Some day i will take a few of my orange (not Hemi orange) millin' machines.

Gotta love them old 6 cubers


----------



## sachsmo (Jan 2, 2011)

Timberframed said:


> If it's to be a workbench then I would only apply a rubbed on oil finish. Any shellacs, varnishes, lacquers will chip over use/time creating an eyesore in respect to the natural beauty.


 
Tung oil?

My Wife used that on our Oak floors at the old place, It held up very well and would cover scratches pretty good too.


----------



## Timberframed (Jan 2, 2011)

Tung oil is a good candidate for what intentions you have. Wax on wax off. Very durable. Future go applications go unnoticed.


----------



## BobL (Jan 2, 2011)

Nice looking piece of wood there.

As far as a finish goes, you might as well put bar oil on it because that's what will end up covering it.


----------



## fiasco (Jan 2, 2011)

If that's a work bench, I'd love to see the fine furniture! Looks GREAT, would love to have that as a bar or table!


----------



## mikeb1079 (Jan 2, 2011)

nice work sach. slab looks great in the sunlight like that. good stuff!


----------



## betterbuilt (Jan 2, 2011)

Nice Slab. Tung Oil is nice for shop tops. I have it on an elm slab and its holding up pretty good after two years.


----------



## sachsmo (Jan 3, 2011)

I put some tung oil on it this afternoon, will give 'er 5 or six coats and buff between.
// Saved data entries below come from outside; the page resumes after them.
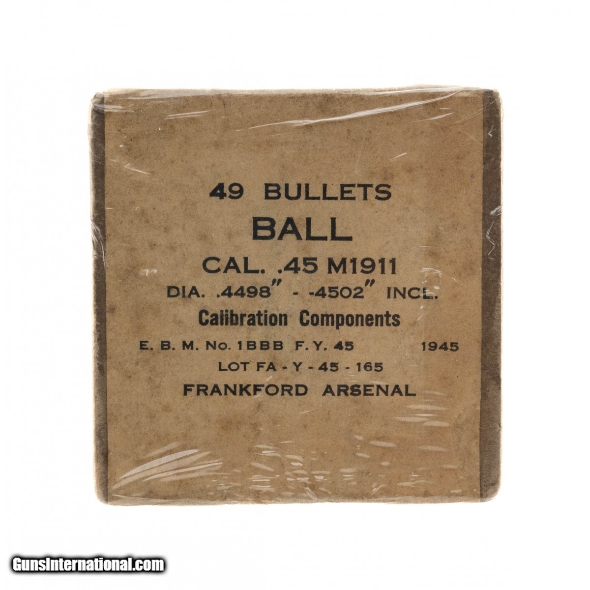 Description: " 49 BULLETS Ball Cal. M1911 from Frankford Arsenal Dated 1945. Full Box of 49. SOLD |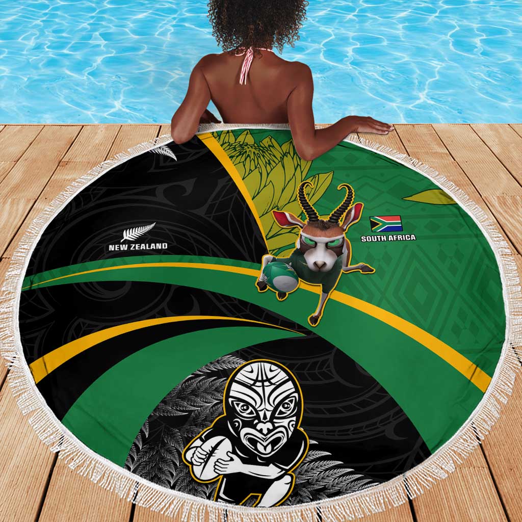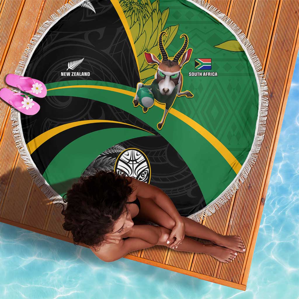 New Zealand And South Africa Rugby Beach Blanket 2023 Springboks Combine All Black Silver Fern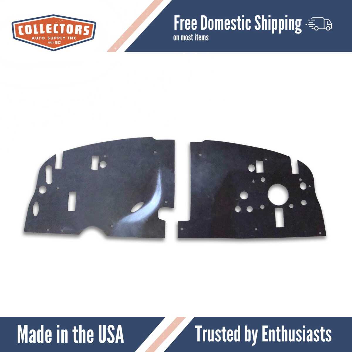 This insulation mounts to the firewall to block engine heat, noise, and vibration from entering the cabin.

Here's my orange millin saws, I need a 34" .375 110 link bar to put em on the mill.


----------



## sachsmo (Jan 4, 2011)




----------



## Cowboy Billy (Jan 6, 2011)

Thats beautiful. Great job!

Billy


----------



## sachsmo (Jan 23, 2011)

Got my 50" Cannon last week, it came with a squre ground chain that is, uhhhhhhh,
Razor sharp!

I will get a few loops of millin' chain, make some longer rails fer me mill, and go after a big knarly burl I pass on my way to work every day.

I might take a few slabs off a giant Hackberry, before I take it out, with this set-up.
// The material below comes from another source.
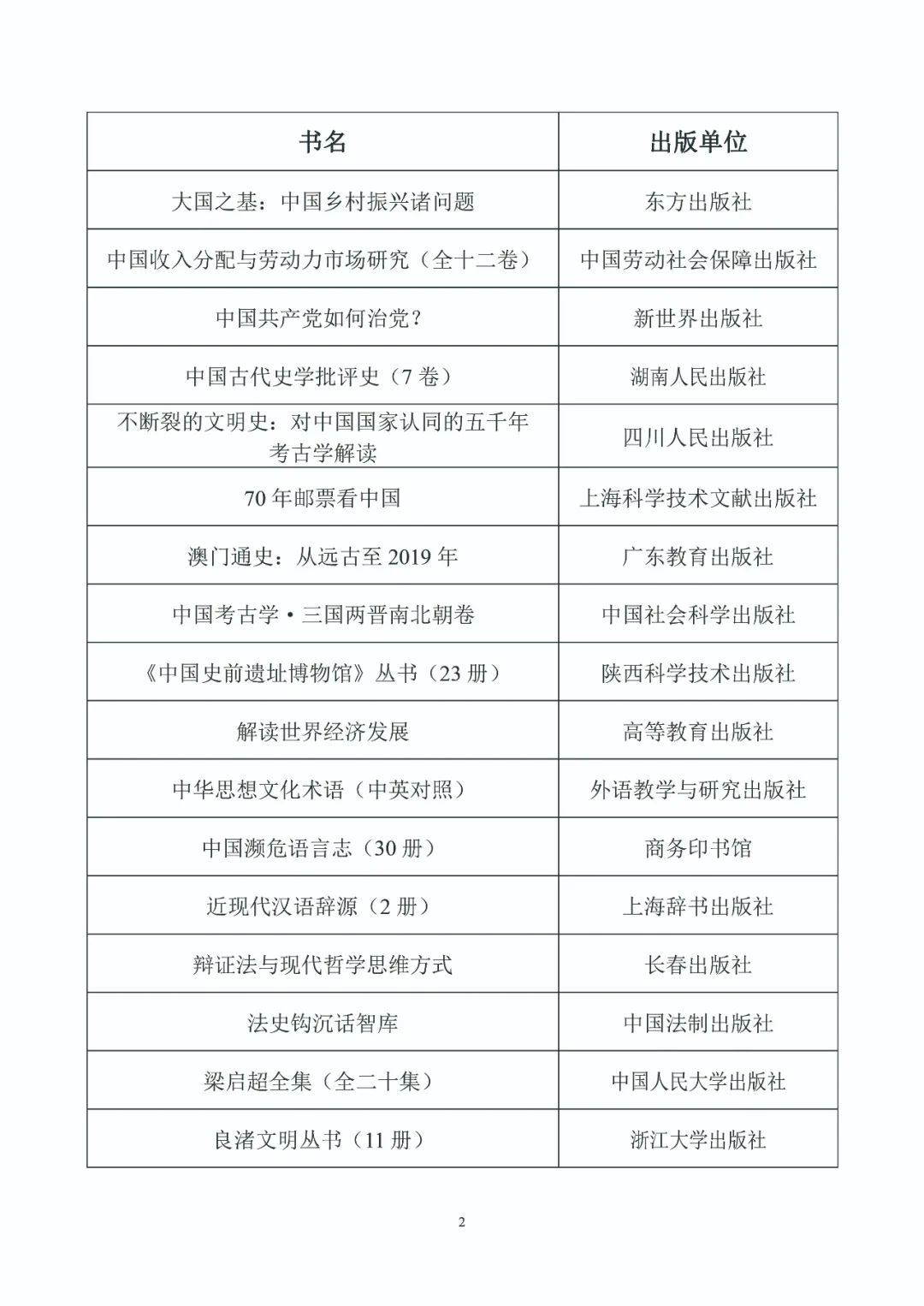 附件2 第五屆中國出版政府獎入選獲提名獎名單公示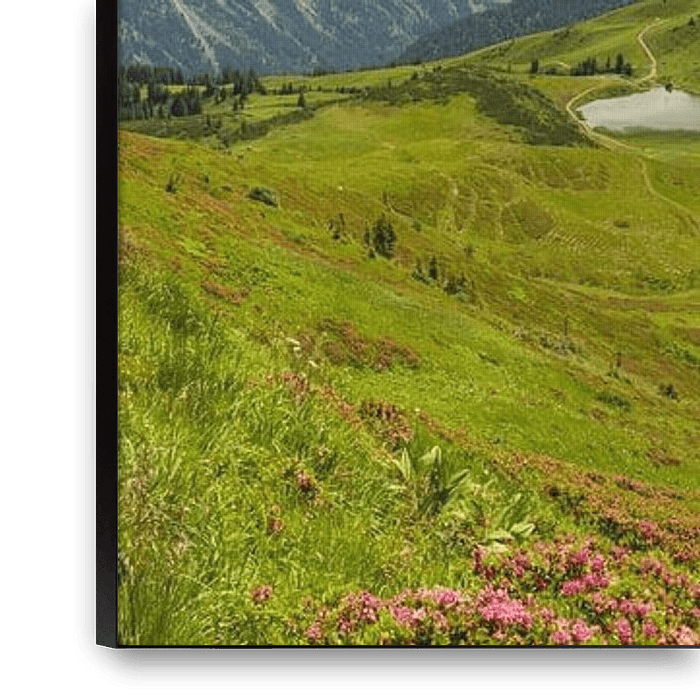 On a gloriously sunny July day, the impressive panorama of the Fellhorn rises majestically, framed by a lively symphony of blooming alpine roses. The bright, pink blossoms of the alpine roses contrast impressively with the deep blue of the sky and the lush green of the surrounding meadows. The air is filled with a delicate, sweet…

Every body knows how badd them lil' Macs are!


----------



## Timberframed (Jan 23, 2011)

Like the looks of that bar. Means freakin' business. Not for the faint at heart. My setup scares people who are not familiar.


----------



## Garmins dad (Jan 24, 2011)

Very nice bench top.. I would love that in my house..


----------



## sachsmo (Jan 29, 2011)

See,


It takes 200cc to hold that bar up! I will take them big dawgs off when it's on the mill, saw came without spikes so I made my own. You could say they are one of a kind eh?


----------



## Thorcw (Jan 29, 2011)

Are they even useable with those curls top and bottom?


----------



## sachsmo (Jan 29, 2011)

Thorcw said:


> Are they even useable with those curls top and bottom?


 
You have never cut with the top of the bar?


----------



## Thorcw (Jan 29, 2011)

I mean are the falling spike functional?


----------



## NORMZILLA44 (Jan 1, 2012)

Just a work bench, yeah a bad ASS!!!!!! Work bench:msp_thumbsup: Thats a nice piece of wood dude And you know I am a fan of your saws, they really make the bench what it is:msp_thumbup:


----------



## RedArrow (Jan 1, 2012)

I love that slab! I have a log about that size that I'm excited to open up once I get my 42"bar. Thanks for all the pics!


----------



## bryanr2 (Jan 1, 2012)

BEAUTIFUL piece of wood and your craftmanship with the finish! I'd leave it for a place to display the saws or drink a cold one when out in the shop. Too nice to work on. Great job. Wish it was mine.


----------



## Timberframed (Jan 1, 2012)

That is a great work indeed. I can't wait to replace the plywood top for the turret radial saw's bench, solid piece of Red oak 22' x 2' x 2". For a resolution I will try to find out how to jam up the computers that keep sending me these junk e-mails! Can't they figure out that someone like me isn't even remotely interested in any of the dung they keep trying to push on us? It has reeked havoc on two of my pc's. 200 cc's do tell more.


----------



## sachsmo (Jan 1, 2012)

Thanks Guys,

It IS a workbench.

Holding up rather well after a year of abuse.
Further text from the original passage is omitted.